**MATERIAL PROVIDED:**
■ ■ ■ ■ ■ ■ ■
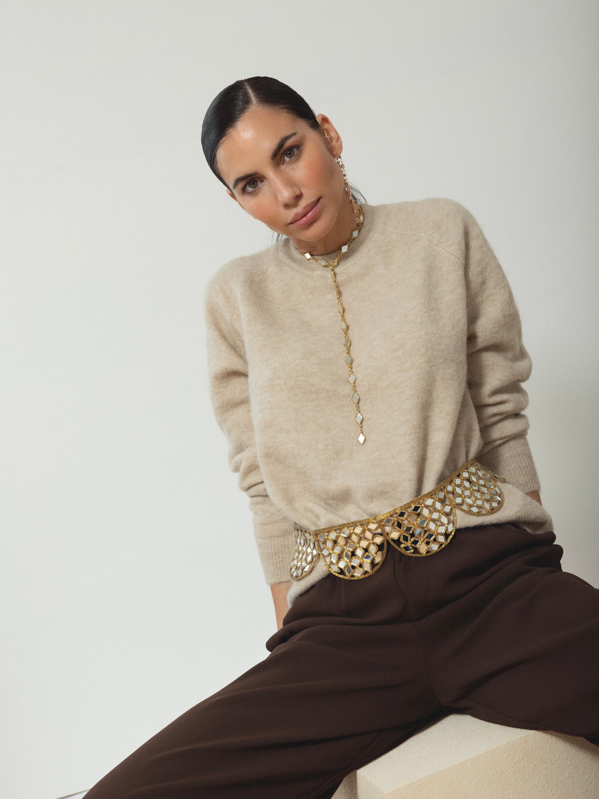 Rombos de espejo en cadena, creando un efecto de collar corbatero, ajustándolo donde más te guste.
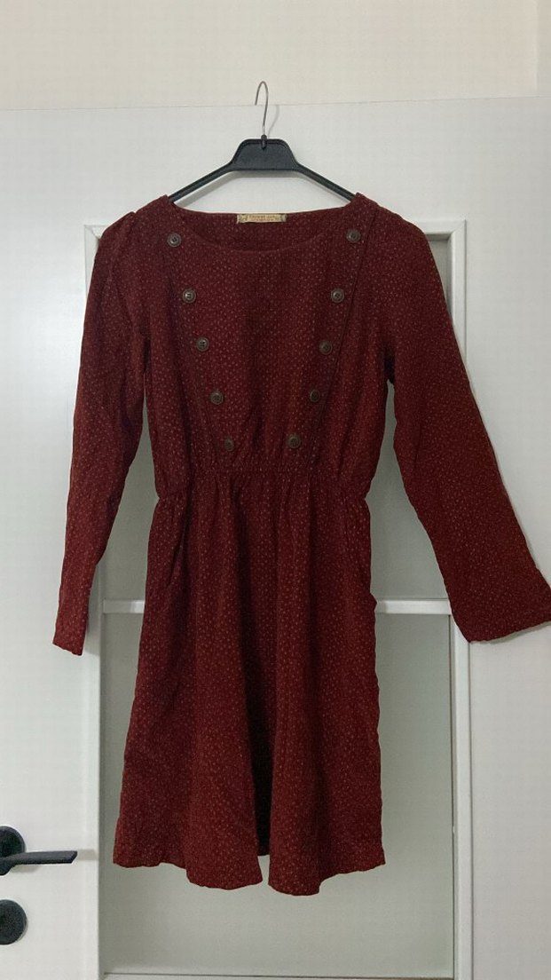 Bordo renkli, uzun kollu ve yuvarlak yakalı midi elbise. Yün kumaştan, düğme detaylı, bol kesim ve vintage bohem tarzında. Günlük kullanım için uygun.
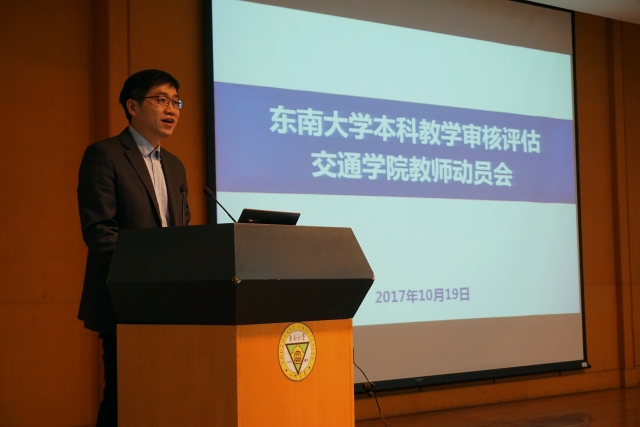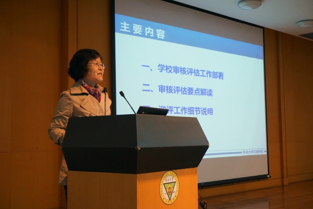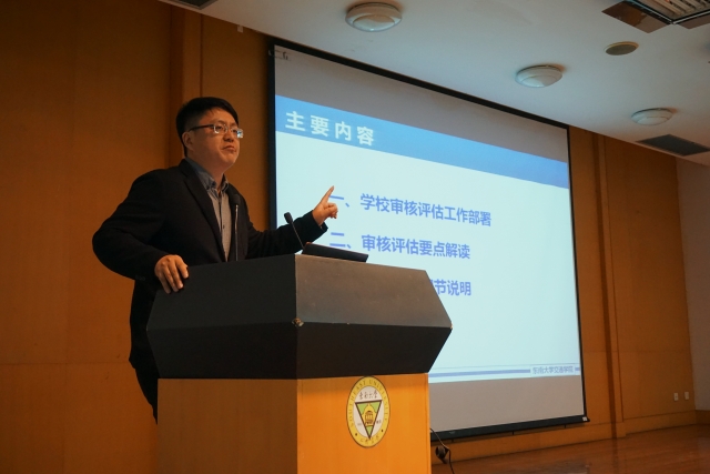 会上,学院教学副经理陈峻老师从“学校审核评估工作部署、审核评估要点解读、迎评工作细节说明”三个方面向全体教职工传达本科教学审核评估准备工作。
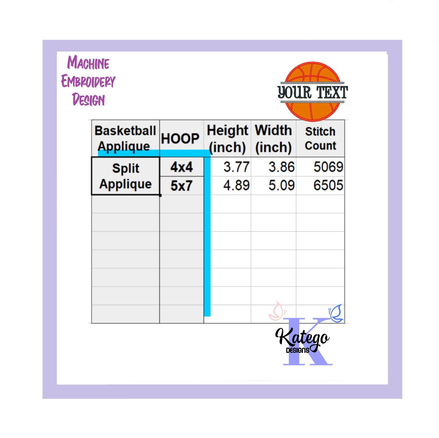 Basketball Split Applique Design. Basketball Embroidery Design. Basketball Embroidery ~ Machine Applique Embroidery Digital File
■ ■ ■ ■ ■ ■ ■
**REQUIRED WORK:** Output verbatim the lines beginning at the line with "Bordo renkli, uzun" and ending at the last line of the material above, inclusive. Do not carry over any pictures.

**ANSWER TO THIS PROBLEM:**
 Bordo renkli, uzun kollu ve yuvarlak yakalı midi elbise. Yün kumaştan, düğme detaylı, bol kesim ve vintage bohem tarzında. Günlük kullanım için uygun.
 会上,学院教学副经理陈峻老师从“学校审核评估工作部署、审核评估要点解读、迎评工作细节说明”三个方面向全体教职工传达本科教学审核评估准备工作。
 Basketball Split Applique Design. Basketball Embroidery Design. Basketball Embroidery ~ Machine Applique Embroidery Digital File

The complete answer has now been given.